Blame it on the desk

The OpEd by professor Lynn Hudson Parsons (BDN, March 7) blamed school-desk inkwells for the awkward handwriting postures of left-handed people like President Obama. But I suspect the president and I share another reason for our contortions when handwriting. It was the desks themselves.

When I received my first lessons in Palmer Method penmanship, we had those accursed desks with an arm only on the right side, and that widened into a desktop. The teacher was completely intolerant of any deviation from the way she wanted things done. She’d place a sheet of paper on that narrow desktop with the top angled toward the left. That way, a right-handed student’s forearm would rest on the long axis of the paper, and his or her hand automatically would be below the writing area.

But a lefty like me would first have to twist in the seat to even reach the paper, and my hand would come down in a natural position to write down the right edge of the paper. I’d turn the paper clockwise 90 degrees to correct that, but the annoyed teacher would immediately and emphatically turn it back. Even worse, her actions were often accompanied by derogatory remarks about uncooperative pupils.

Eventually, I learned to write in spite of her, but I continued to struggle with those confounded right-handed desks, even in college. President Obama and I undoubtedly share the difficulty of writing in three-ring notebooks, but I’ll bet my first-grade teacher had the most appropriate moniker.

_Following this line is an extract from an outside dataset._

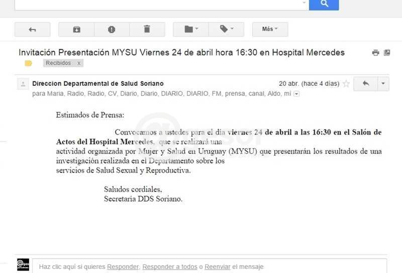 (por Aldo Roque Difilippo) El comienzo de la reunión realizada en Salón de Actos del Hospital Mercedes se centró en cuestionamientos a la falta de información de parte de las instituciones de la Salud de Soriano al Observatorio que realizó el relevamiento sobre Salud Sexual y Reproductiva. En dicha reunión además de las quejas por la falta de esta información, de importancia para conocer la realidad local y aportar un panorama al respecto, se hizo mención a que Mujer y Salud en Uruguay (MYSU) debió recurrir a la Ley de Acceso a la Información para poder acceder a estos datos. Algo que aparentemente las nuevas autoridades del Ministerio de Salud aportarían en breve.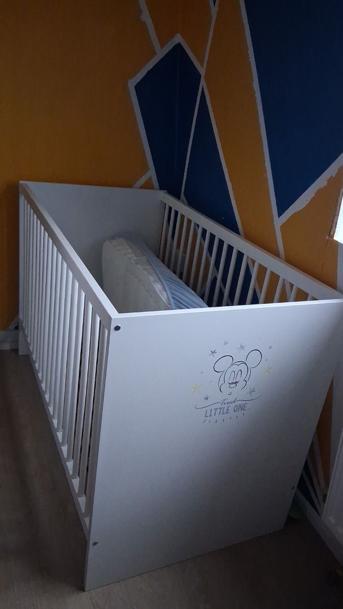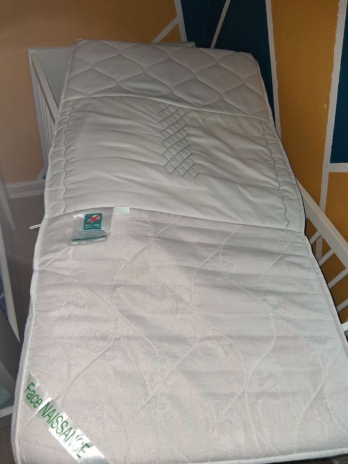 Lit bebe en bon état quelques marques de frottement d'usure a quelques endroits, avec ou sans matelas lui aussi en bon état d'utilisation, dehoussable et lavable en machine

Her name was Miss Nutt.

Carroll B. Knox

Caribou

• • •

UMaine not top-heavy

A recent BDN story included a suggestion, attributed to a professor at another University of Maine System institution, that Maine’s flagship university in Orono has too many administrators. This erroneous contention is easily refuted with data UMS routinely submits to the federal government.

These data show 2.3 percent of the UMaine (Orono) staff classified as “executive/administrative/managerial.” This is the second-lowest percentage of any UMS university.

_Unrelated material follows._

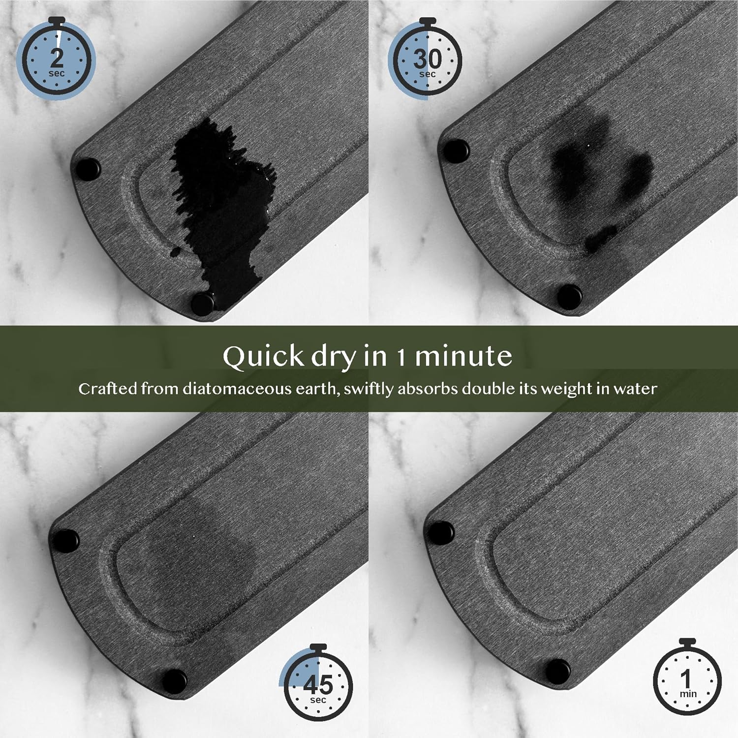 - RAPID DRYING TECHNOLOGRY Crafted from diatomaceous earth, this sink caddy absorbs moisture instantly, keeping your countertops dry and free from water stains

Given UMaine’s land-grant mission — which includes research, service and outreach requiring extensive managerial oversight — a better comparison involves the five other New England state universities. Here, too, UMaine’s percentage is the second lowest. Similarly, the UMaine percentage is smaller than that for 11 of 12 national rural land-grant peers.

Like all Maine institutions, UMaine has been aggressively reducing costs for years. We have eliminated more than 100 positions, realized new efficiencies (including reducing energy costs by more than $3 million), and cut overhead through creative means like outsourcing student health care to a private company (saving another $1 million). These efforts continue as we work to reduce next year’s budget by another $8.6 million.

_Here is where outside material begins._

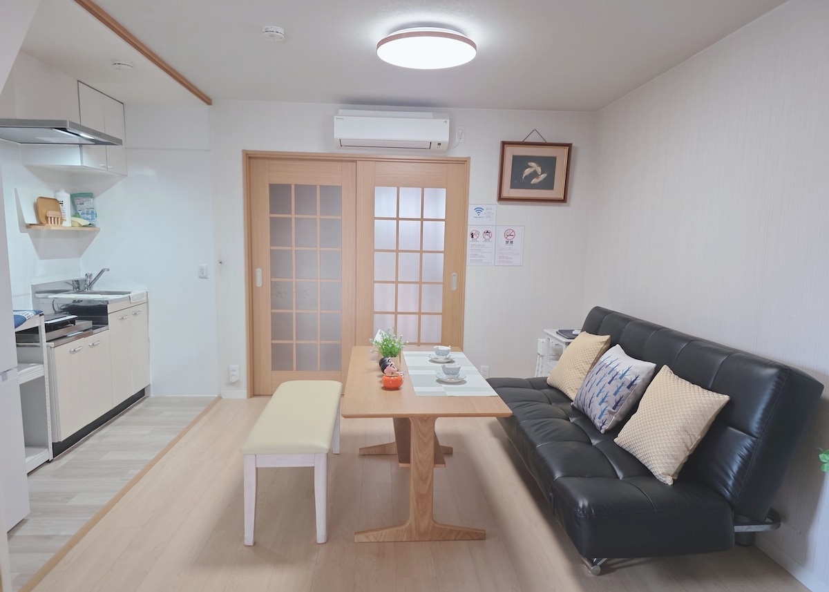 【b&難波3号店】位于大阪市浪速区,最近车站为“大国町站”,临近购物中心,距离难波相当近,交通非常便利。搭乘地铁可直达大阪各大人气景点,如道顿堀、日本桥、心斋桥、天王寺、新世界通天阁等,前往关西机场也十分方便,是探索大阪的理想据点。 周边为安静祥和的住宅区,治安良好,环境整洁,适合家庭、情侣、朋友结伴入住。步行范围内有24小时便利店、咖啡厅,生活采买十分便利。此外,附近还分布着地道的日式餐厅和老字号食堂,让您不出远门就能体验纯正的在地美食文化。 房间为室内新装修的公寓,采用现代与和风相融合的设计风格,空间宽敞,配有独立浴室与卫生间,最大适合4人同时入住。全屋配备高速Wi-Fi、浴缸、洗衣机、厨房等生活设施。 关于日本旅行的任何事情,我们也会为您热心解答!

These concerns amplify the importance of the current taskforce effort to find more sustainable ways to provide public university education.

Systemic change is necessary because continuing cuts will drive us all to mediocrity — the opposite of what Maine needs. The solution lies in a transformed structure where Maine’s universities work together to create the most affordable means for providing the highest quality education possible to support Maine’s people and its economy.

Janet Waldron

vice president for administration and finance

University of Maine

• • •

No bailout for AIG

I just got done reading the article about “AIG holding our government hostage.”

Talk about terrorism… what could be worse? If AIG has 74 million customers world wide and in more than 130 countries, let the other countries bail them out this time.

If I could not pay my bills, then my employees would go without. My clients would have to find someone else and etc. My government would not bail me and a million other small businesses out, and I live here and pay taxes here. I am sorry but I do not feel that my taxes should be used to bail out customers in other countries.

We do not get to go on major trips and get great big bonuses on the government either. We have to use control in managing our money. It is time others do the same thing.